Muideen Ganiyu

Medal record

Representing Nigeria

Men's Boxing

Afro-Asian Games

All-Africa Games

Commonwealth Games

Pre-Olympic Championships

Summer Olympics

= Muideen Ganiyu =

Nigerian Boxer (born 1987)

Muideen Ganiyu (born 5 May 1987) is a boxer from Nigeria born in Ibadan the Oyo State capital known by many as the king of boxing. He won a silver medal at the 8th All-Africa Games in 2003 in Abuja, Nigeria, and later that same year, he won a gold medal at the first Afro-Asian Games in Hyderabad, India.

== Career ==
He won bronze medal in the 2004 pre-olympic championships in Havana Cuba.

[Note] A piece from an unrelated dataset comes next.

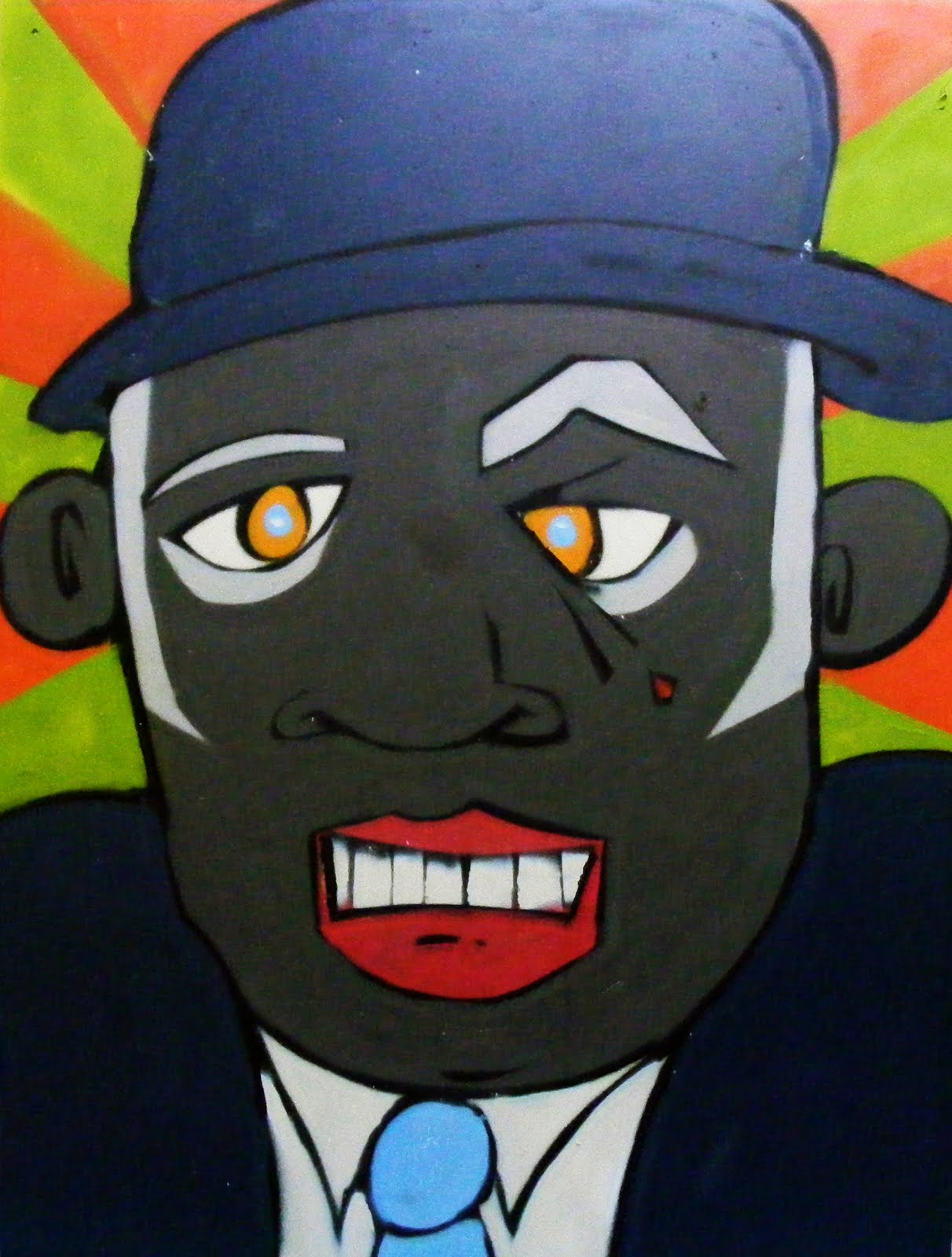 I used huge pieces of wood to spray paint on for the two larger paintings (the first two below). These are very heavy and would need collecting in a van, otherwise transportation can be arranged at the right price! For the smaller painting ‘Mr Grey’ I used a plastic board to paint on, this is light and can fit in a car or be carried on the tube or bus.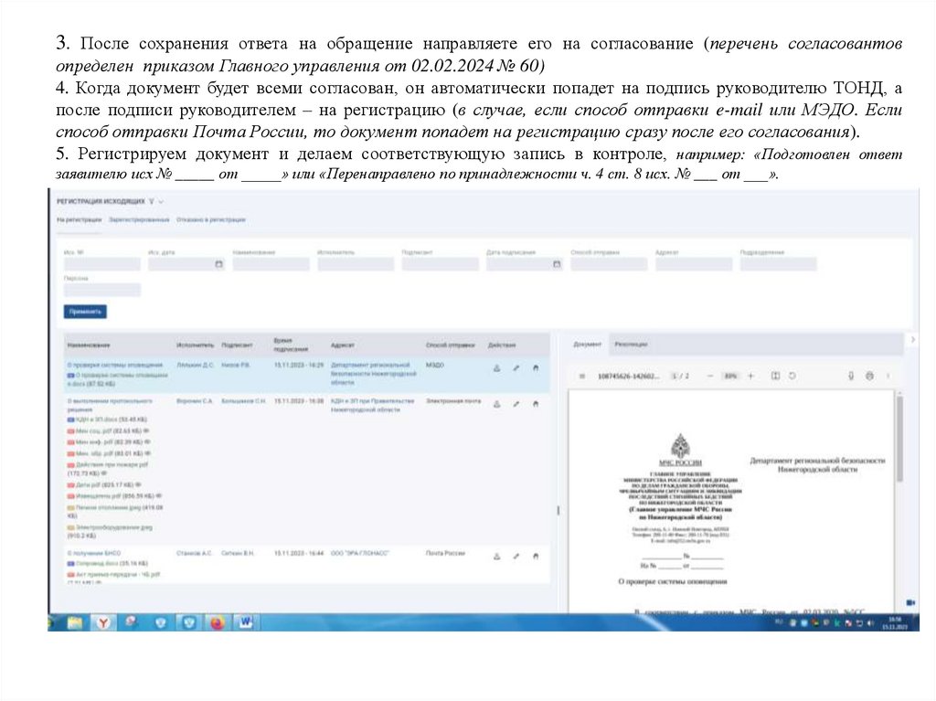 3. После сохранения ответа на обращение направляете его на согласование (перечень согласовантовопределен приказом Главного управления от 02.02.2024 № 60)

He participated in the Athens 2004 Summer Olympics where he made it to the quarterfinals and was ranked number 5. In 2007, he won the bronze medal at the 9th all African Games in Algiers, Algeria.

In 2007, he was selected to represent Nigeria at the World Boxing Championships in Chicago, United States.

He was the captain of the Nigeria boxing team at the 2010 commonwealth games in Delhi, India.

He also participated in 2011 at the 10th all African games in Maputo, Mozambique.